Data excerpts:
^^^^

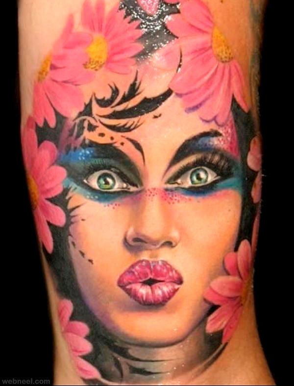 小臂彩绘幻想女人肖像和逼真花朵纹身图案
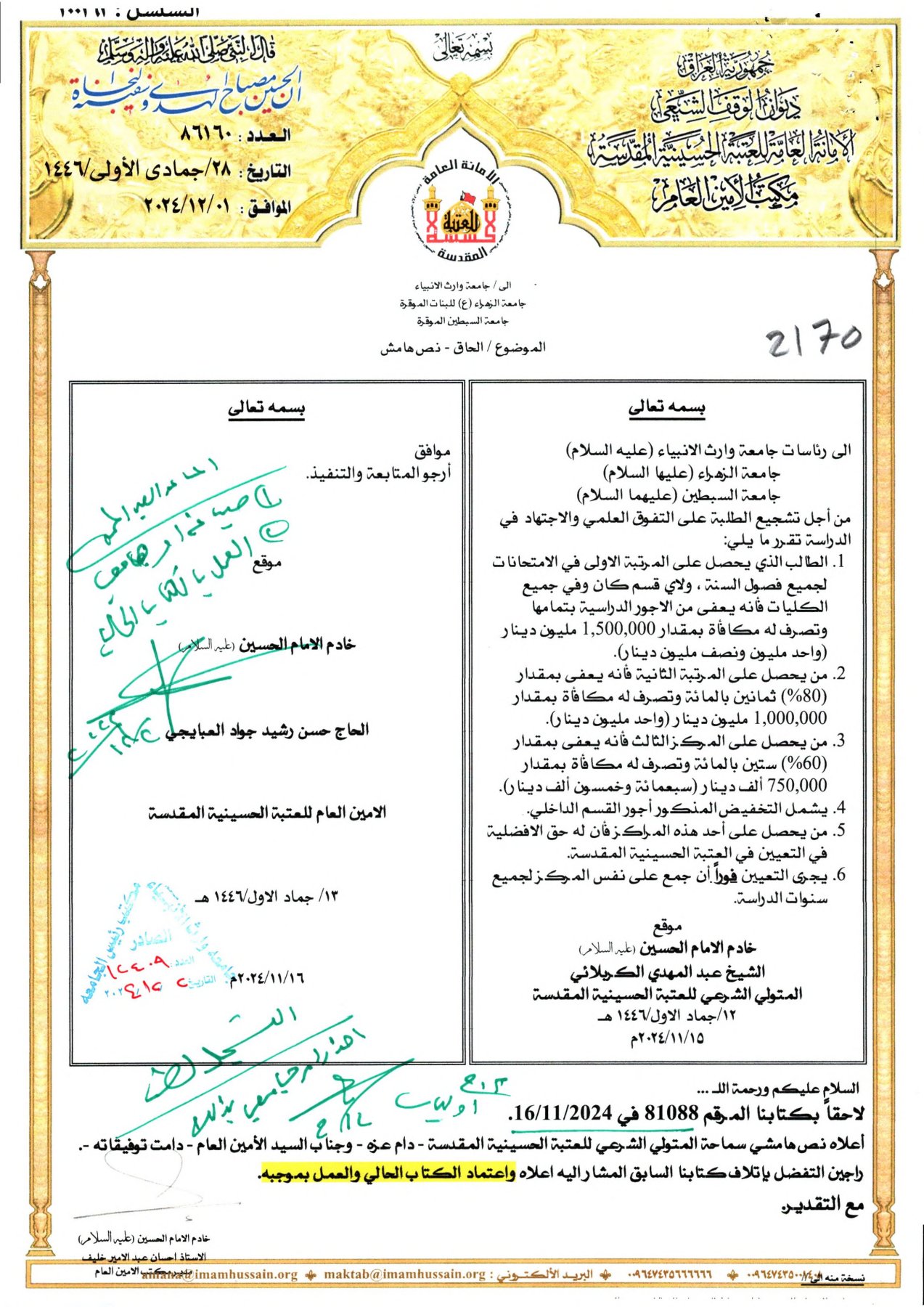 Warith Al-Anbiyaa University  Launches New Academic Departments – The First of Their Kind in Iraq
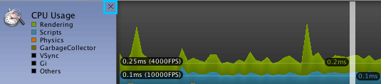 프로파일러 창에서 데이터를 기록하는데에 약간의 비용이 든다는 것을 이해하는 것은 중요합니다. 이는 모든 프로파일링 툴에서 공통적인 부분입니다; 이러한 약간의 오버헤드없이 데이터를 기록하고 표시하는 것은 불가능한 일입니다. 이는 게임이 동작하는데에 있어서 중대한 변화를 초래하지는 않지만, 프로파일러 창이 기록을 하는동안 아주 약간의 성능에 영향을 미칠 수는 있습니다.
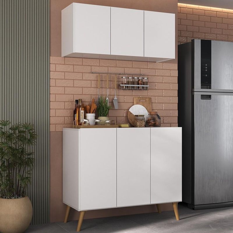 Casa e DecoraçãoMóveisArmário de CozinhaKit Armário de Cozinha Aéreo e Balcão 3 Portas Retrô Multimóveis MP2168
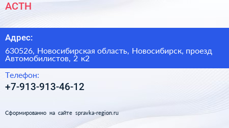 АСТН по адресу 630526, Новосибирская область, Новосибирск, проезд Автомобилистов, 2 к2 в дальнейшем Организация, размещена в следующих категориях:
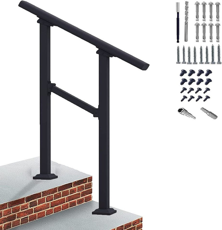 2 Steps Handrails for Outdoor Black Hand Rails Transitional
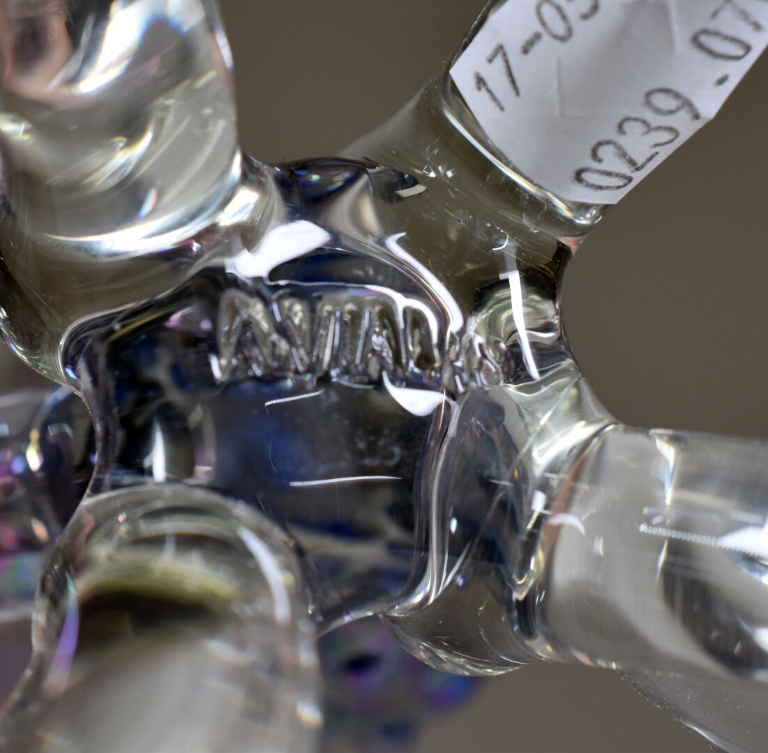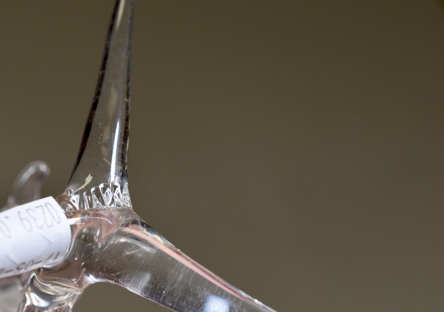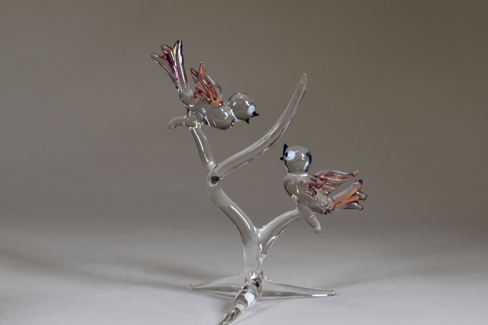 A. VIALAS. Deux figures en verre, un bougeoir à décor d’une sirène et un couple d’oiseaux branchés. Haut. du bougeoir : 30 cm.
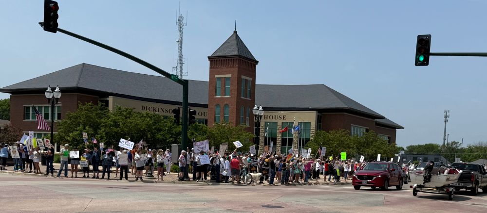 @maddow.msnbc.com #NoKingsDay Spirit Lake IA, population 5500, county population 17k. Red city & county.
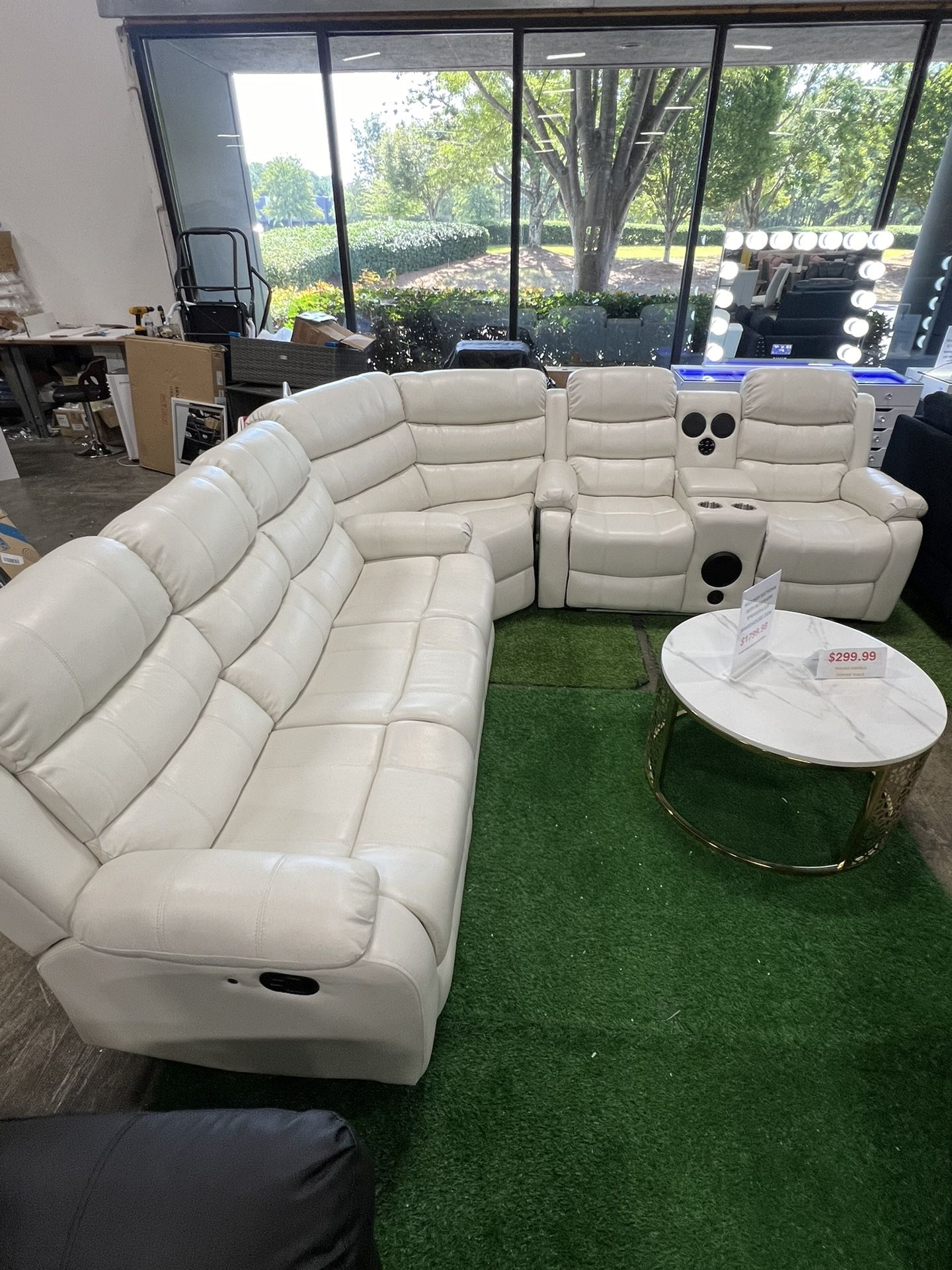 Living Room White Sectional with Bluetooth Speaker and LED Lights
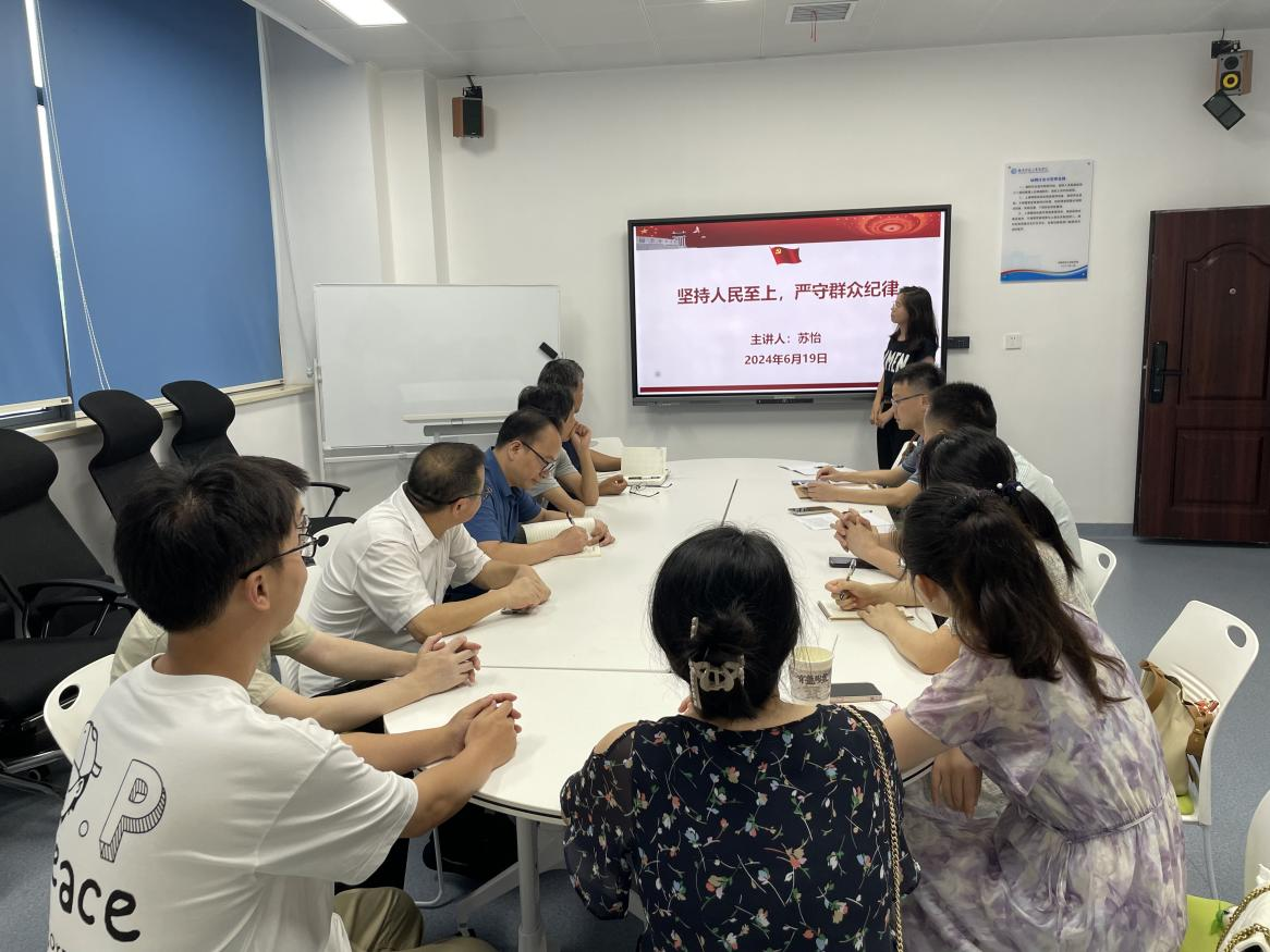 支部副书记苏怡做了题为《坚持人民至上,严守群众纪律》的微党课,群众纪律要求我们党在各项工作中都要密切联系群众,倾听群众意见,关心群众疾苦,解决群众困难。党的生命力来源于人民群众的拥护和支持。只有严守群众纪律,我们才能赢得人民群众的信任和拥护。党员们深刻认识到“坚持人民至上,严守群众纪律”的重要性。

^^^^

What you are asked to do: The copy you write must hold every record verbatim and none of the pictures.

Answer space:
 小臂彩绘幻想女人肖像和逼真花朵纹身图案
 Warith Al-Anbiyaa University  Launches New Academic Departments – The First of Their Kind in Iraq
 프로파일러 창에서 데이터를 기록하는데에 약간의 비용이 든다는 것을 이해하는 것은 중요합니다. 이는 모든 프로파일링 툴에서 공통적인 부분입니다; 이러한 약간의 오버헤드없이 데이터를 기록하고 표시하는 것은 불가능한 일입니다. 이는 게임이 동작하는데에 있어서 중대한 변화를 초래하지는 않지만, 프로파일러 창이 기록을 하는동안 아주 약간의 성능에 영향을 미칠 수는 있습니다.
 Casa e DecoraçãoMóveisArmário de CozinhaKit Armário de Cozinha Aéreo e Balcão 3 Portas Retrô Multimóveis MP2168
 АСТН по адресу 630526, Новосибирская область, Новосибирск, проезд Автомобилистов, 2 к2 в дальнейшем Организация, размещена в следующих категориях:
 2 Steps Handrails for Outdoor Black Hand Rails Transitional
 A. VIALAS. Deux figures en verre, un bougeoir à décor d’une sirène et un couple d’oiseaux branchés. Haut. du bougeoir : 30 cm.
 @maddow.msnbc.com #NoKingsDay Spirit Lake IA, population 5500, county population 17k. Red city & county.
 Living Room White Sectional with Bluetooth Speaker and LED Lights
 支部副书记苏怡做了题为《坚持人民至上,严守群众纪律》的微党课,群众纪律要求我们党在各项工作中都要密切联系群众,倾听群众意见,关心群众疾苦,解决群众困难。党的生命力来源于人民群众的拥护和支持。只有严守群众纪律,我们才能赢得人民群众的信任和拥护。党员们深刻认识到“坚持人民至上,严守群众纪律”的重要性。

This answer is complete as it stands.